Ребята полезли, словно идущее в атаку войско, по крутым переулкам, поднимающимся вверх по склону горы Сент-Женевьев, и выбрались на никому не принадлежащую землю в конце улицы Экль. Они побежали вдоль улицы Буланже, где несколько партий землекопов натужно работали в огромных котлованах глубиной в двадцать пять футов под руководством своего мастера, чистокровного парижанина по имени Симон, известного своими крепкими выражениями.

— А ну катитесь отсюда, — прорычал мастер, увидев, что шестеро мальчишек уселись в ряд на краю котлована.

Мальчишки не очень охотно удалились.

— Проклятые мальчишки, всегда болтаются вокруг площадки, — проворчал мастер. — Стоит позволить им стащить хоть какую-нибудь пустяковину, я выхожу из себя, — погрозил он ребятам кулаком. — Погодите, маленькие паразиты. Дайте мне поймать хотя бы одного из вас.
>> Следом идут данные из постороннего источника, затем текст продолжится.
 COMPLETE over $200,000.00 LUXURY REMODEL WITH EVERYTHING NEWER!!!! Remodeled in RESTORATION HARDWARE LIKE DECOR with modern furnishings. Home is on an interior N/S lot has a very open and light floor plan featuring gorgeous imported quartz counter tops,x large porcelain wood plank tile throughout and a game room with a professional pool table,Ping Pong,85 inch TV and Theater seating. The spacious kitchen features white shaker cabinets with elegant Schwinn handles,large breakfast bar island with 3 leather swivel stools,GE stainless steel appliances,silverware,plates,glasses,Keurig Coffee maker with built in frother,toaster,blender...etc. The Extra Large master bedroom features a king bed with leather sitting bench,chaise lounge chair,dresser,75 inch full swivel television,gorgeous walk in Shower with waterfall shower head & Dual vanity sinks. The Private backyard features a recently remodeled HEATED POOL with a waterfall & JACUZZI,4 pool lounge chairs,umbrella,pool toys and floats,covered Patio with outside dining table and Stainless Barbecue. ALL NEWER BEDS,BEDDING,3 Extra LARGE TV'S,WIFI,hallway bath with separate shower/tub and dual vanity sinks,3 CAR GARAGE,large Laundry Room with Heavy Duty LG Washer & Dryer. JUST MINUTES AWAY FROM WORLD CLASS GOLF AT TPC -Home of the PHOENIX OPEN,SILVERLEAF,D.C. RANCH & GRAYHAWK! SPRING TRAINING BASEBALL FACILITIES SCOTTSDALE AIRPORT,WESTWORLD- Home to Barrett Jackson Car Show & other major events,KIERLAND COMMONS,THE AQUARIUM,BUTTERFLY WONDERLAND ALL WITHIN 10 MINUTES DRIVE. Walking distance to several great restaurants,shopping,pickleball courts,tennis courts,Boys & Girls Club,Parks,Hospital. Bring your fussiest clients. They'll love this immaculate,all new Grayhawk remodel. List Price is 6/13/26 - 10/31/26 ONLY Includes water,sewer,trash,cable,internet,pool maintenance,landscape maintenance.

Я похороню его заживо.

— Если бы он только знал о монете, — тяжело дыша, сказал один из мальчишек.

— Смотри, не говори ему, — пригрозил старший из них. — Ты поклялся держать это в тайне, Пти Ренар.

— Само собой!

— Покажи нам монету еще раз, — попросил третий, крошечный, похожий на воробья малыш, жалкий вид которого усугубляла его хромота.

Старший мальчик раскрыл ладонь и показал истертую монету из какого-то тяжелого металла, на которой были видны блеклые очертания чьего-то профиля и неразборчивая надпись. Ребята нашли ее накануне в куче земли из котлована.
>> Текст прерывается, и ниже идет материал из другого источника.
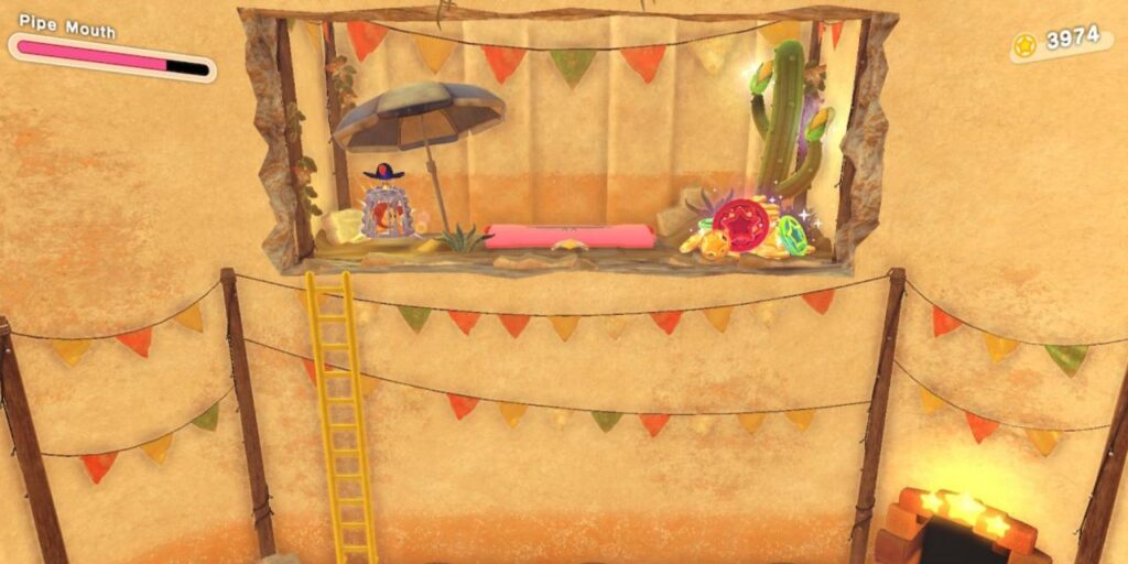 Seguir las plataformas móviles llevará a los jugadores a un objeto que pueden inhalar para convertirse en Kirby Boca de Cúpula. Al usar la habilidad se descubrirá un camino secreto que lleva a una tubería que se puede usar para convertirse en Kirby Boca de Tubo. Habrá un sendero en el que los jugadores podrán usar la forma del modo Boca de Tubo, que requiere que se calculen los saltos para llegar al otro lado. Si los jugadores cronometran el último salto correctamente, destruirán un muro al final y serán recompensados con un Waddle Dee oculto.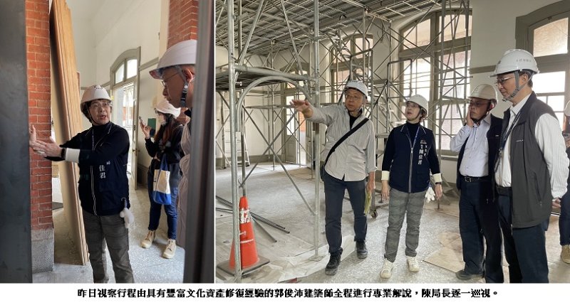 昨日視察行程由具有豐富文化資產修復經驗的郭俊沛建築師全程進行專業解說,陳局長逐一巡視內部裝修、景觀工程及機電消防系統的施作現況及施工細節,並要求春節期間更要特別落實工地安全管理,以守護這座國定古蹟的安全。陳局長於現場特別勉勵施工團隊,再利用工程已進入關鍵階段,必須在嚴守工安前提下,落實工程細節品質。
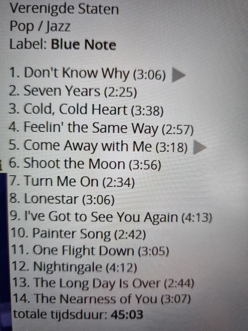 Voer deze EAN-code in een zoekmachine of een muziek-database (b.v. discogs) in voor meer informatie over deze release van de cd Come Away With Me, het debuutalbum van de Amerikaanse jazz-zangeres Norah Jones.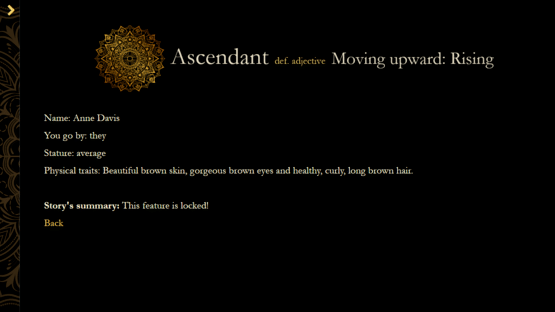 Ascendance is a text-based fantasy love story about the first contact between humanity and the extraterrestrial beings known as The Y. Though the premise is a very fertile (and fun!) ground for sci-fi, Ascendance is inspired by several concepts from different spiritualist philosophies, as well as by great fantasy stories, so it might bring a different perspective for you!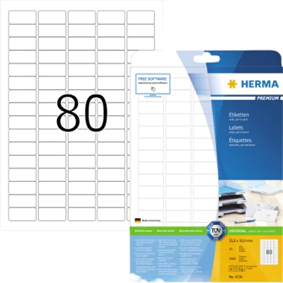 HERMA Premium - Papier - matt - permanent selbstklebend - weiß - 35.6 x 16.9 mm 2000 Etikett(en) (25 Bogen x 80) laminierte Etiketten

— Я говорю вам, это медаль.

— Нет, монета, — сказал другой.

— Убирайтесь прочь, пострелята, — закричал мастер.

Дети мгновенно разбежались.

Мастер Симон посмотрел на куски камня, сдвинутые накануне, вытащил из своего кармана черепок, обнаруженный несколько дней назад в куче мусора, и подверг его внимательному изучению. Такие предметы попадались уже не в первый раз, к восторгу странного пожилого господина, живущего поблизости, на улице кардинала Лемуана. Старый профессор собирал подобные находки и хорошо платил за них. Он был уверен в том, что там, где прокладывалась новая дорога, когда-то был древний театр, но никто не обращал внимания на его слова. Профессор утверждал, что где-то здесь была арена древней Лютеции. Место, где рыли котлованы, говорил он, несколько веков назад было известно как «огороженная арена». Люди смеялись над стариком и его театрами. Ведь если бы здесь, полагали они, когда-то был старинный театр, они знали бы об этом.

Симон задумчиво посмотрел на черепок и пожал плечами. Затем он вернулся к котловану и начал покрикивать на рабочих, которые пытались сдвинуть рычагом огромный камень. Люди толкали и тащили, цветисто ругаясь каждый на своем собственном языке. Симон бросился туда, где они столпились, и выкрикнул что-то ободряющее.

Люди снова взялись за работу.

— Давай, — крикнул Симон.

Когда камень сдвинулся, раздался общий возглас. Один из итальянских рабочих стряхнул мягкую землю со своей кирки. Внезапно он остановился, держа кирку на весу, и побледнел. Затем, испуганно выругавшись по-итальянски, выронил кирку и убежал.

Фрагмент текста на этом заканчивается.